Ziemniaki, aromatyczny sos z prawdziwków (są mrożone w REWE). Sałata z oliwą i cytryną.
Tarta marchewka. 
Sok wyciśnięty z pomarańczy do picia. 
23 stycznia 2018 14:55 / 1 osobie podoba się ten post
ewa59

Polędwiczki w sosie serowym, ziemniaki, kwaśna kapusta na ciepło zasmażana, sałata z porem i papryką, yogurt.

Po przeczytaniu o kapuście zasmażanej aż poczułem jej aromat i smak. Nie robię tutaj, albo bardzo rzadko, ponieważ Pdp nie lubi. A dla siebie nie chce mi się robić. 
Ale narobiłaś mi takiego smaku, że kupię i zrobię. Przecież porcje zamrozić mogę na więcej razy. 
Pojadę w piątek po świeżą rybę na targ, to przy okazji wstąpię do Netto lub REWE. 
23 stycznia 2018 14:57 / 2 osobom podoba się ten post
Knorr

Kopytka. Sobie na słodko, tylko z masłem podsmażyłem, cukrem i cynamonem.
Dla Pdp z sosem, mięsem oraz z marchwiową surówką.  
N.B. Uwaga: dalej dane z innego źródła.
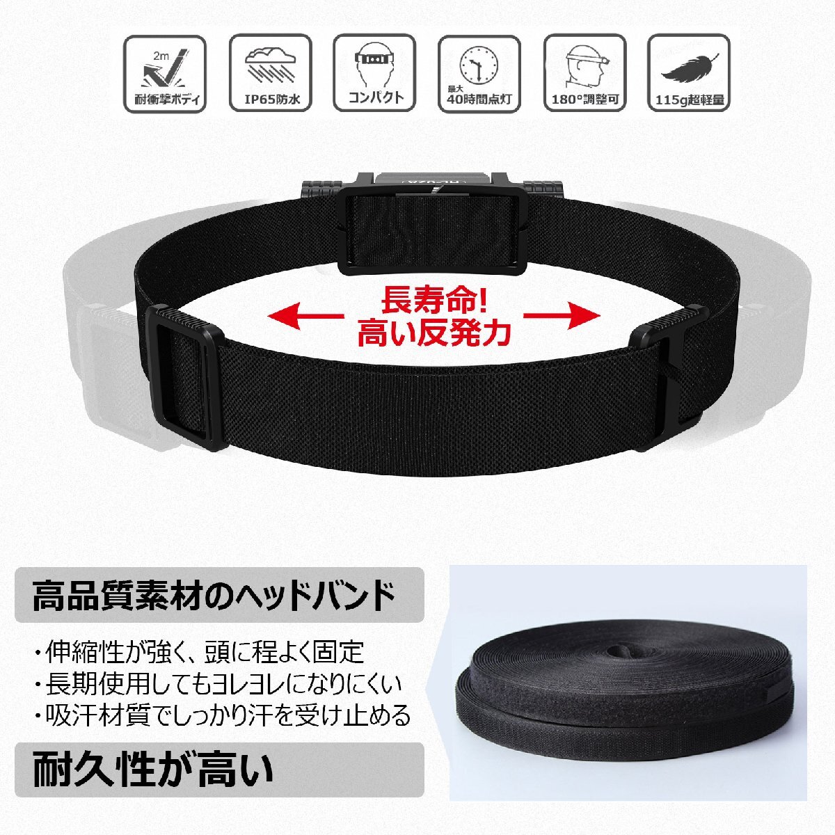 ★オススメポイント★ ●小型ながらパワフル点灯 40時間長い持続時間を実現し、最大855ルーメンの出力を備えてます。 ●負担にならない軽量さ 電池含めて約115g!夜間走行、夜釣り、登山などのアウトドア活動時に長時間で頭に付けていても疲れません。 ●角度調節可 ライト本体180°自由に照明角度を調整できます。 ●省エネで長寿命 LEDチップを使用することで約5000時間使用可能!買い替えや交換の手間が少なく済みます。 ●ライト着脱可能 ライトは取り外して懐中電灯としても使用できます。 ●IP65防塵防水 万が一の雨でも安心して使用できます。 ●使用シーン 夜釣り、キャンプ、登山、防災、停電、緊急時、作業などの必需品としてお勧めです。 ●用途 ●適度な光量で長時間点灯が可能。手作業・設備点検・夜間見回りなどに ●災害時にも手に入りやすい単4電池使用可能。非常用・避難グッズとしての備えに ●軽量・防水仕様でハイキング・アウトドア・散歩・夜釣り・手持ちや自転車の補助ライトとして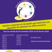 Ateliers culturels et récréatifs qui mettront vos capicités de mémoire en effervescence.

No to żeś narobil apetytuale przynajmniej pomysl mam
23 stycznia 2018 15:08 / 4 osobom podoba się ten post
W kuchni moi drodzy liczy sie kreatywność:)Jak nigdzie indziej:)Dziś w ramach warsztatów kreatywności kulinarnej właśnie, upichciłam sobie coś jakby zapiekankę czy paellę.Zostało mi wczoraj trochę całych ziemniaków z obiadu,za mało na solowe pożarcie.Wrzuciłam więc na patelnię do obsmażenia,do tego kiełbaski te białe,bawarskie,cienkie.W drugim garnczku poddusiłam sobie cebulkę z czerwoną papryką i dorzuciłam do tych ziemniaków,jeszcze poddusiłam,odparowałam,dosmaczyłam i na talerzu posypałam startym żółtym serem.Było zajesmaczne:):):):) I nic się nie zmarnowało:):):)
23 stycznia 2018 15:14 / 3 osobom podoba się ten post
Sznycle w białym sosie z Bofrost , piure, zielona fasolka . Babcia lubi Bofrosta to niech je, ja tez od czasu do czasu ale bardziej coś ziemniaczanego lub ciuciu .
23 stycznia 2018 15:14 / 1 osobie podoba się ten post
kasia63

W kuchni moi drodzy liczy sie kreatywność:)Jak nigdzie indziej:)Dziś w ramach warsztatów kreatywności kulinarnej właśnie, upichciłam sobie coś jakby zapiekankę czy paellę.Zostało mi wczoraj trochę całych ziemniaków z obiadu,za mało na solowe pożarcie.Wrzuciłam więc na patelnię do obsmażenia,do tego kiełbaski te białe,bawarskie,cienkie.W drugim garnczku poddusiłam sobie cebulkę z czerwoną papryką i dorzuciłam do tych ziemniaków,jeszcze poddusiłam,odparowałam,dosmaczyłam i na talerzu posypałam startym żółtym serem.Było zajesmaczne:):):):) I nic się nie zmarnowało:):):)

Kniecznie trzeba temu nadać nazwę. Nie może bezimienne być przeca.